Work task: Exact duplicates of the lines from the top of the data through the line containing "Эта кошечка яркий" are needed, with every picture left out.
-------- Source data --------
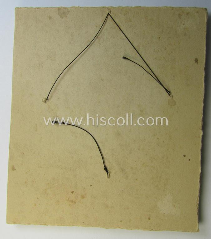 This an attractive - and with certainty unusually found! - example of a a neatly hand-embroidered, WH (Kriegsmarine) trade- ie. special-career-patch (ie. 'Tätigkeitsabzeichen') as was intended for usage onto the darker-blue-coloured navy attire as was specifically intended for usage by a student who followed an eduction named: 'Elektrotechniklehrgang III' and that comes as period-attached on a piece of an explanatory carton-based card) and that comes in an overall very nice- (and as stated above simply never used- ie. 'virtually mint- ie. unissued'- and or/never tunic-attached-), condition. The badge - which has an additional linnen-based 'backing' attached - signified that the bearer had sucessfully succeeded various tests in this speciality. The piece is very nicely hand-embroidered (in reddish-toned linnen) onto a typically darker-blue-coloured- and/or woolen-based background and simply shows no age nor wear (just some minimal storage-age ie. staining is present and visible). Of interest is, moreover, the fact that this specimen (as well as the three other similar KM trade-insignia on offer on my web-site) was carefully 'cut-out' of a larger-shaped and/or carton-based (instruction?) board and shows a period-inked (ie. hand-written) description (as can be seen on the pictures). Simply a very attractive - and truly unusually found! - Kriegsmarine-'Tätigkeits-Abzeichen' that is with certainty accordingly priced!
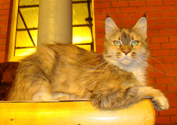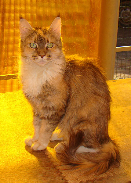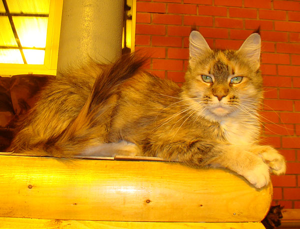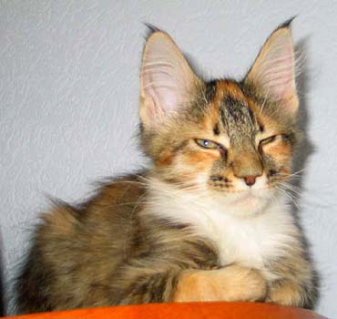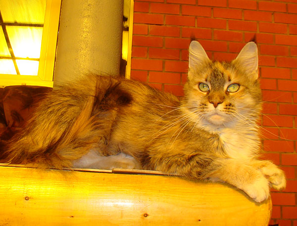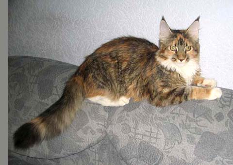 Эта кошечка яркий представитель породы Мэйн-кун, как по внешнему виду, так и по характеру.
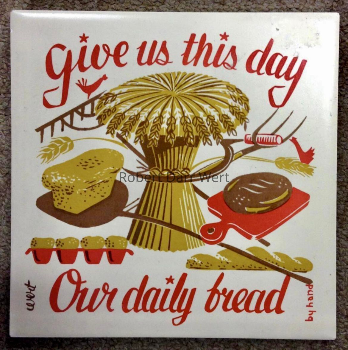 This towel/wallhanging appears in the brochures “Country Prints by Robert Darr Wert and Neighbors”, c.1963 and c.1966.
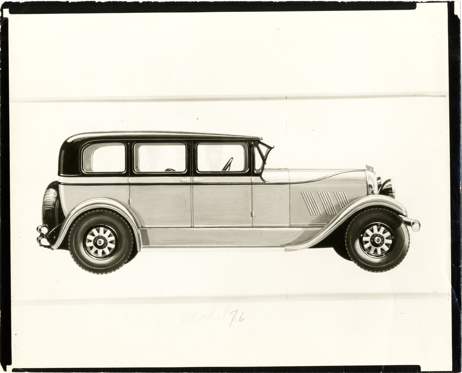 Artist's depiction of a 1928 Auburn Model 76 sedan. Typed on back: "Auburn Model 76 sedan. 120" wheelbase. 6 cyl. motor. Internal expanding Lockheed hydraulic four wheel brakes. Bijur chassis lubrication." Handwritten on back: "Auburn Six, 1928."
--------
Exercise answer:
 This an attractive - and with certainty unusually found! - example of a a neatly hand-embroidered, WH (Kriegsmarine) trade- ie. special-career-patch (ie. 'Tätigkeitsabzeichen') as was intended for usage onto the darker-blue-coloured navy attire as was specifically intended for usage by a student who followed an eduction named: 'Elektrotechniklehrgang III' and that comes as period-attached on a piece of an explanatory carton-based card) and that comes in an overall very nice- (and as stated above simply never used- ie. 'virtually mint- ie. unissued'- and or/never tunic-attached-), condition. The badge - which has an additional linnen-based 'backing' attached - signified that the bearer had sucessfully succeeded various tests in this speciality. The piece is very nicely hand-embroidered (in reddish-toned linnen) onto a typically darker-blue-coloured- and/or woolen-based background and simply shows no age nor wear (just some minimal storage-age ie. staining is present and visible). Of interest is, moreover, the fact that this specimen (as well as the three other similar KM trade-insignia on offer on my web-site) was carefully 'cut-out' of a larger-shaped and/or carton-based (instruction?) board and shows a period-inked (ie. hand-written) description (as can be seen on the pictures). Simply a very attractive - and truly unusually found! - Kriegsmarine-'Tätigkeits-Abzeichen' that is with certainty accordingly priced!
 Эта кошечка яркий представитель породы Мэйн-кун, как по внешнему виду, так и по характеру.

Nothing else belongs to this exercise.